In this notebook, we've successfully built a fully functional Knowledge Base using Amazon Bedrock and OpenSearch Serverless. This implementation demonstrates an end-to-end Retrieval Augmented Generation (RAG) system that can answer questions based on your custom document collection.

Key components we established:

1. **Vector Store**: We set up OpenSearch Serverless as our vector database, configuring the proper schema for storing embeddings and text.

2. **Access Control**: We created the necessary IAM roles and policies to allow secure interaction between Bedrock and OpenSearch Serverless.

3. **Document Processing**: We implemented a chunking strategy that breaks documents into fixed-size chunks with overlap for better context preservation.

4. **Embedding Generation**: We configured the system to use Amazon Titan Text Embeddings to convert document chunks into vector representations.

5. **Query Processing**: We demonstrated how to use the RetrieveAndGenerate API to retrieve relevant information and generate accurate answers using Claude 3 Sonnet.

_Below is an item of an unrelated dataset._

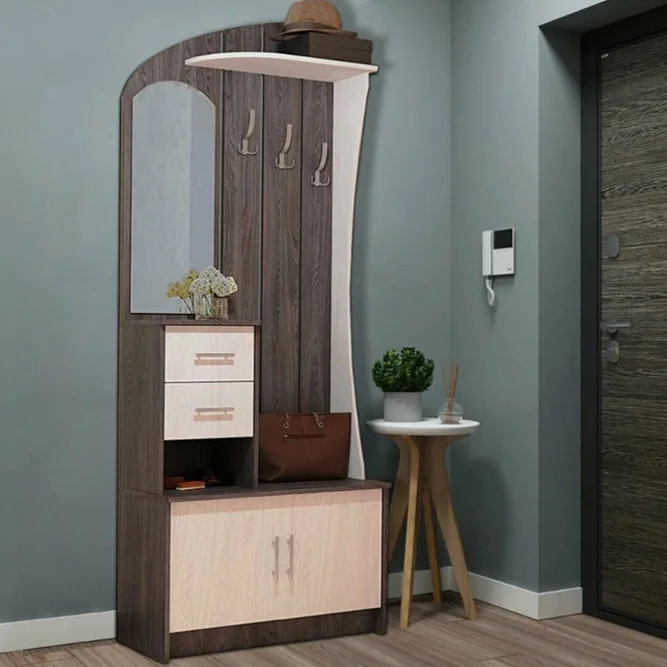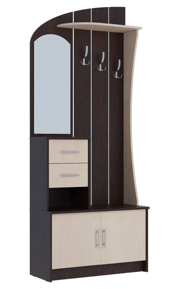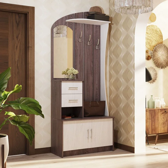 Комплектация: в комплект прихожей входят зеркало, вешалка, обувница и комод, что позволяет максимально эффективно использовать пространство и обеспечивает комфорт при использовании.

This Knowledge Base architecture provides several advantages:

- **Scalability**: OpenSearch Serverless automatically scales to accommodate growing document collections
- **Semantic Understanding**: Vector search finds contextually relevant information, not just keyword matches
- **Source Attribution**: Citations provide transparency about which documents informed the response
- **Up-to-date Knowledge**: Foundation models are enhanced with your specific, current information

Potential applications include:
- Customer support knowledge bases
- Employee portals for company policies and procedures
- Research assistants for analyzing large document collections
- Product documentation and FAQ systems

This approach combines the best of both worlds: the vast knowledge and language capabilities of foundation models with the accuracy and specificity of your proprietary documents.